◆ TASK DETAILS
Your copy of the lines below must match them exactly and contain no images.

---------- EXCERPTED DATA ----------

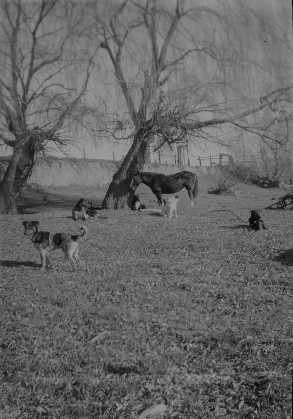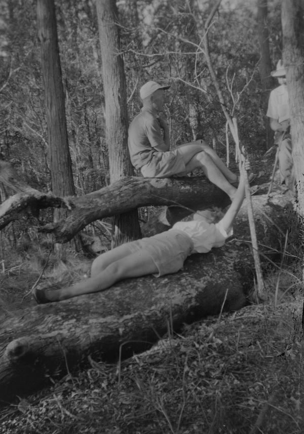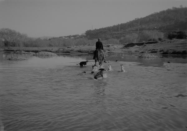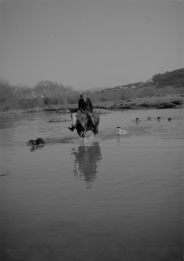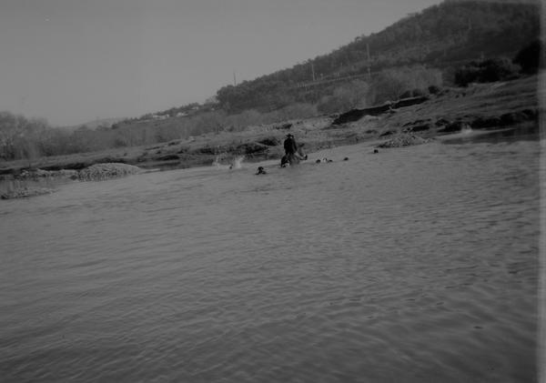 These 15 negatives appear to come from two rolls shot on different occasions. Quite a few of them show a rider on a horse crossing the river (Macleay River near Kempsey?) together with his dogs. The river is fairly deep, so the dogs had to swim to follow their master and his horse. The second series depicts some outdoor activities, a picnic, hunting or both. It was a bit unusual to see a lady in shorts in one of the pictures, but apparently ladies started wearing them as early as 1930s for sports and outdoor, so this should not be unusual at late 1940s and 1950s when the image was presumably taken.
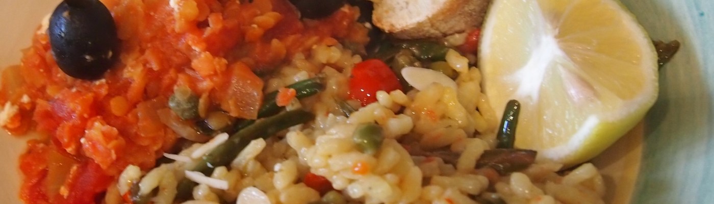 Here’s two Mediterranean – vegetarian dishes that would serve around 4 to 6 people. Or you can make individually, for a lighter lunch or supper for 2 to 4 people…
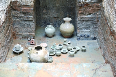 福州考古队一位专家告诉记者,经过初步考证,这是一座保存完好的唐代中期以前的古墓,墓主应是当地的富贵人家。此次考古共出土30多件文物,主要是唐代青瓷。这些文物虽埋藏地下逾千年,但仍保存完好,有五盅盘、盘口壶、四系罐、双耳罐、香炉、陶灶等,多为生活用具。这些瓷器风格古朴雅致、光彩润泽,充分展示了东方瓷器神秘古雅的魅力。
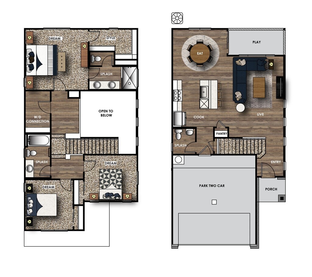 3 Beds, 2.5 Baths, 1555 sq ftAvailable NowModel Gallery
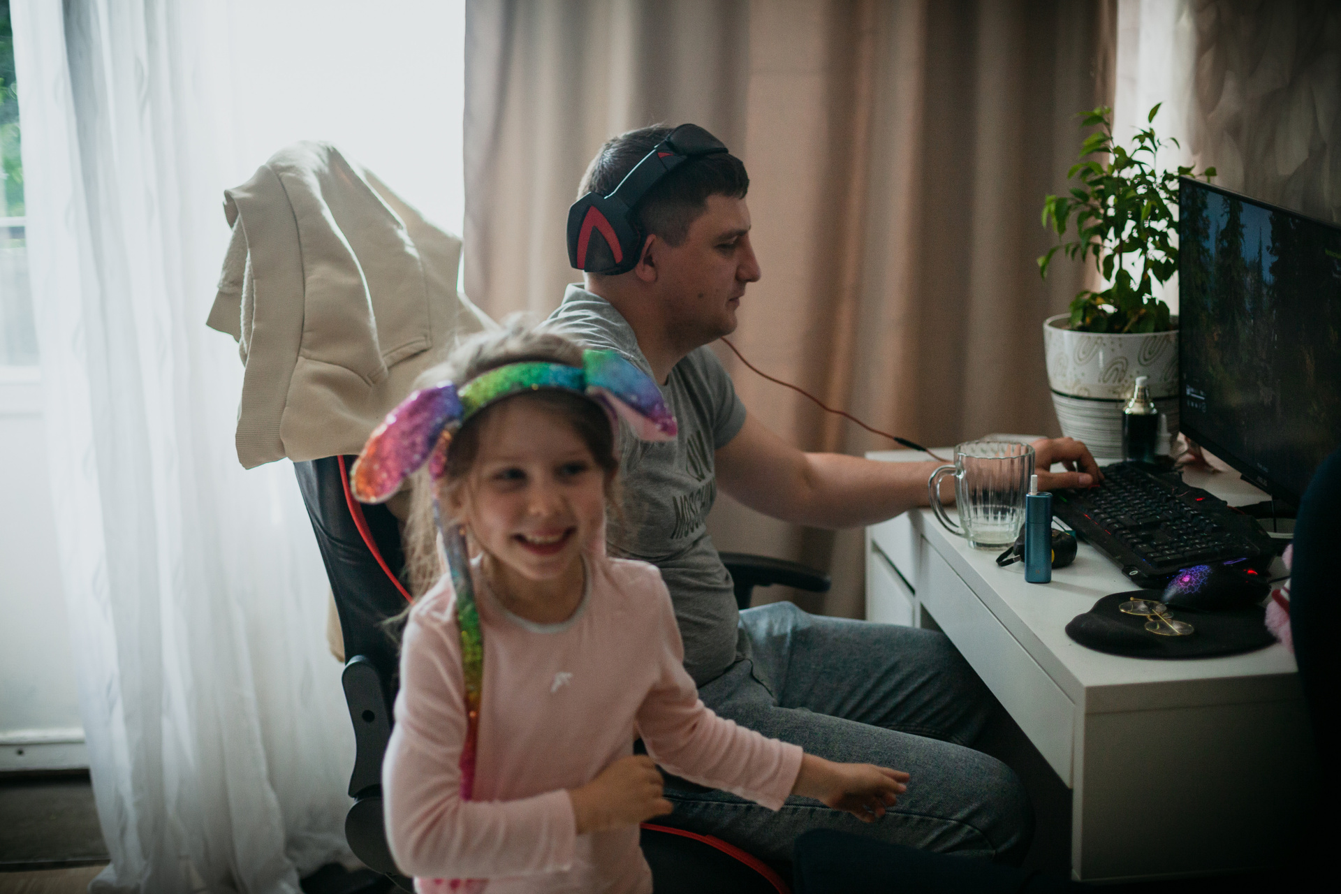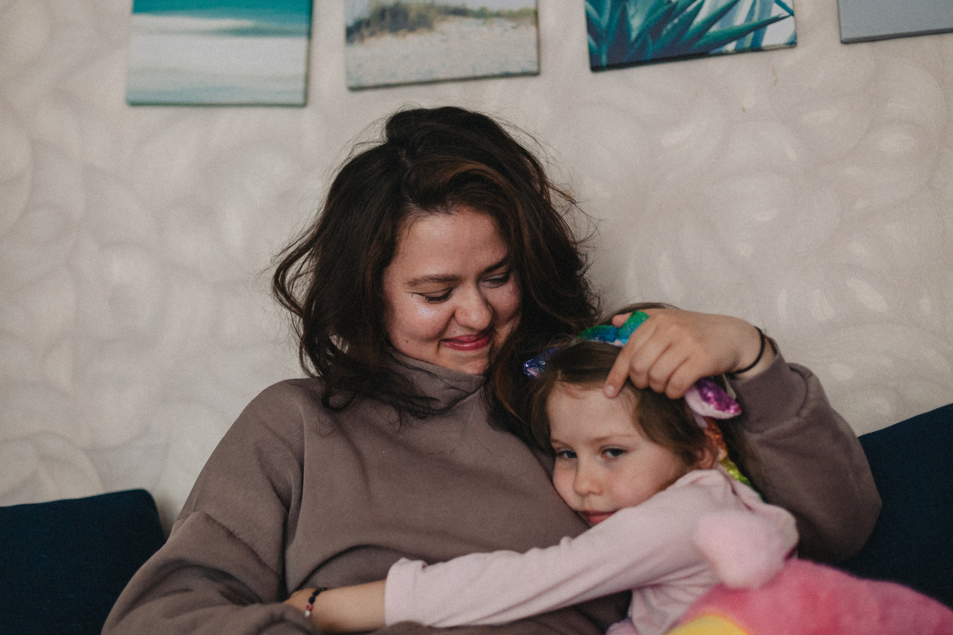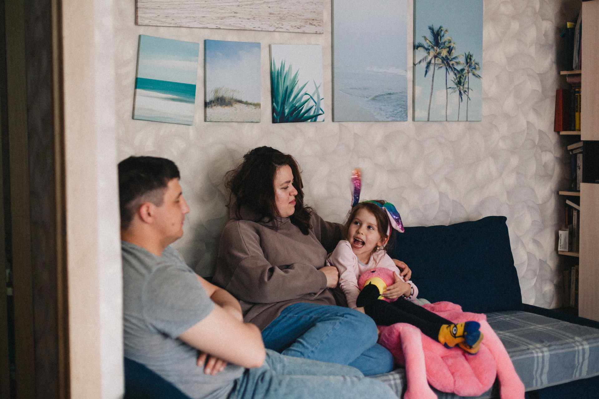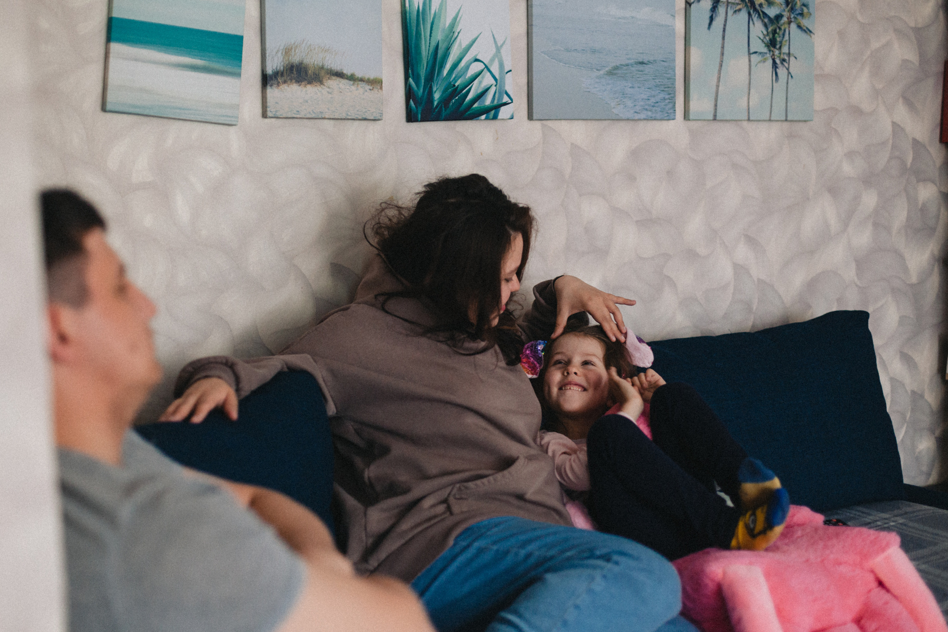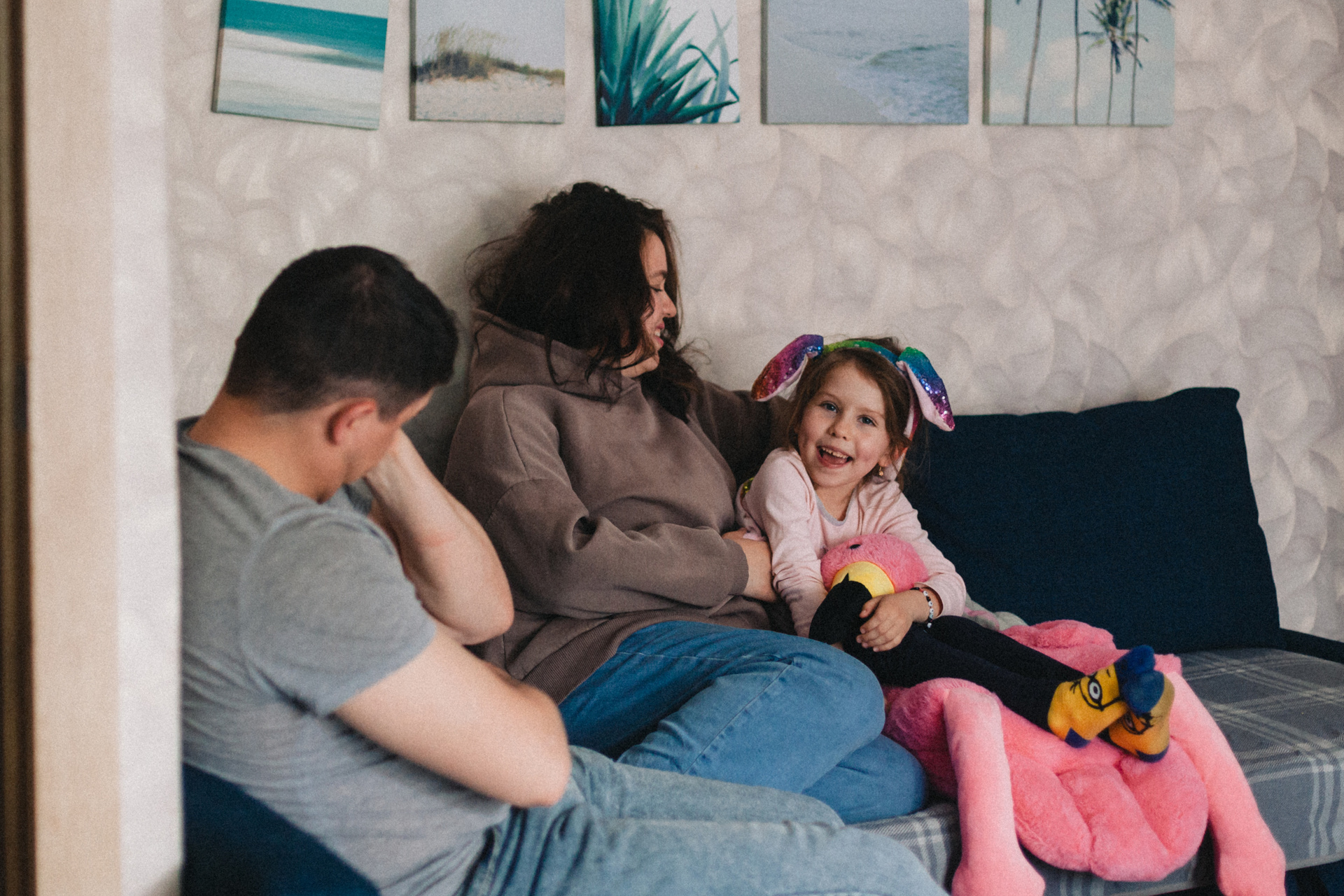 Очень милая и естественная домашняя экспресс-фотосессия моей подруги и ее семьи. На фотографиях все получились очень настроящими. Даже муж Игорь, который устал после рабочих дней и совсем не хотел сниматься, но сделал несколько кадров ради жены и дочки. Съемка заняла буквально минут 15. Быстрая обработка в Лайтрум, без ретуши

----------

◆ COMPLETED EXERCISE
 These 15 negatives appear to come from two rolls shot on different occasions. Quite a few of them show a rider on a horse crossing the river (Macleay River near Kempsey?) together with his dogs. The river is fairly deep, so the dogs had to swim to follow their master and his horse. The second series depicts some outdoor activities, a picnic, hunting or both. It was a bit unusual to see a lady in shorts in one of the pictures, but apparently ladies started wearing them as early as 1930s for sports and outdoor, so this should not be unusual at late 1940s and 1950s when the image was presumably taken.
 Here’s two Mediterranean – vegetarian dishes that would serve around 4 to 6 people. Or you can make individually, for a lighter lunch or supper for 2 to 4 people…
 福州考古队一位专家告诉记者,经过初步考证,这是一座保存完好的唐代中期以前的古墓,墓主应是当地的富贵人家。此次考古共出土30多件文物,主要是唐代青瓷。这些文物虽埋藏地下逾千年,但仍保存完好,有五盅盘、盘口壶、四系罐、双耳罐、香炉、陶灶等,多为生活用具。这些瓷器风格古朴雅致、光彩润泽,充分展示了东方瓷器神秘古雅的魅力。
 3 Beds, 2.5 Baths, 1555 sq ftAvailable NowModel Gallery
 Очень милая и естественная домашняя экспресс-фотосессия моей подруги и ее семьи. На фотографиях все получились очень настроящими. Даже муж Игорь, который устал после рабочих дней и совсем не хотел сниматься, но сделал несколько кадров ради жены и дочки. Съемка заняла буквально минут 15. Быстрая обработка в Лайтрум, без ретуши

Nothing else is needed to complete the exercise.